Task directions: Set down the full listing below word for word; pictures stay out of the copy.

Dataset content:
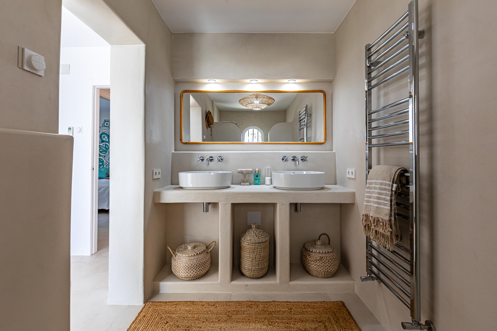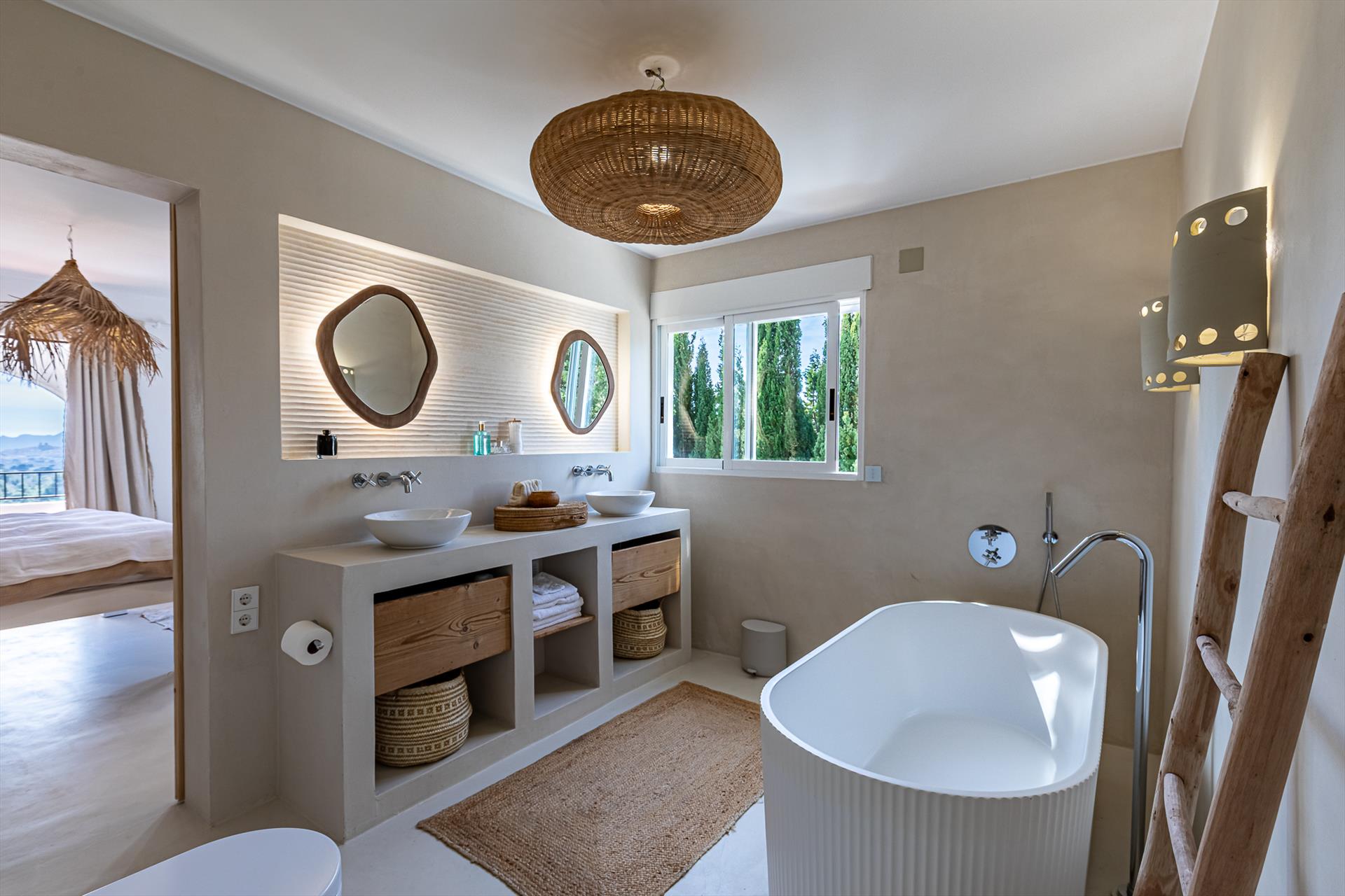 • en-suite bathroom with double washbasin, shower, and toilet
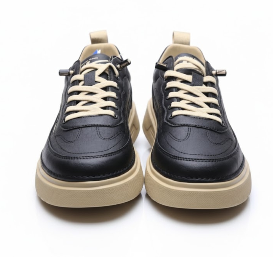 casual leather sneaker, black beige shoes, premium lifestyle sneaker, everyday comfort shoe, stylish men footwear, office casual shoes
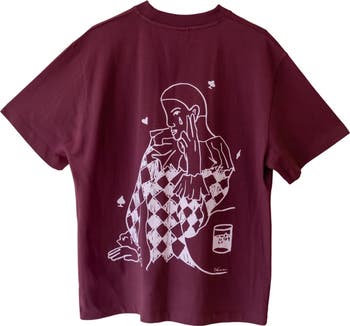 This TBCo tee features a hand screen-printed graphic on the back and a subtle embroidered motif on the front. With an oversized fit and high collar for necklace stacking, it’s a bold layer built to last.

Problem solution:
 • en-suite bathroom with double washbasin, shower, and toilet
 casual leather sneaker, black beige shoes, premium lifestyle sneaker, everyday comfort shoe, stylish men footwear, office casual shoes
 This TBCo tee features a hand screen-printed graphic on the back and a subtle embroidered motif on the front. With an oversized fit and high collar for necklace stacking, it’s a bold layer built to last.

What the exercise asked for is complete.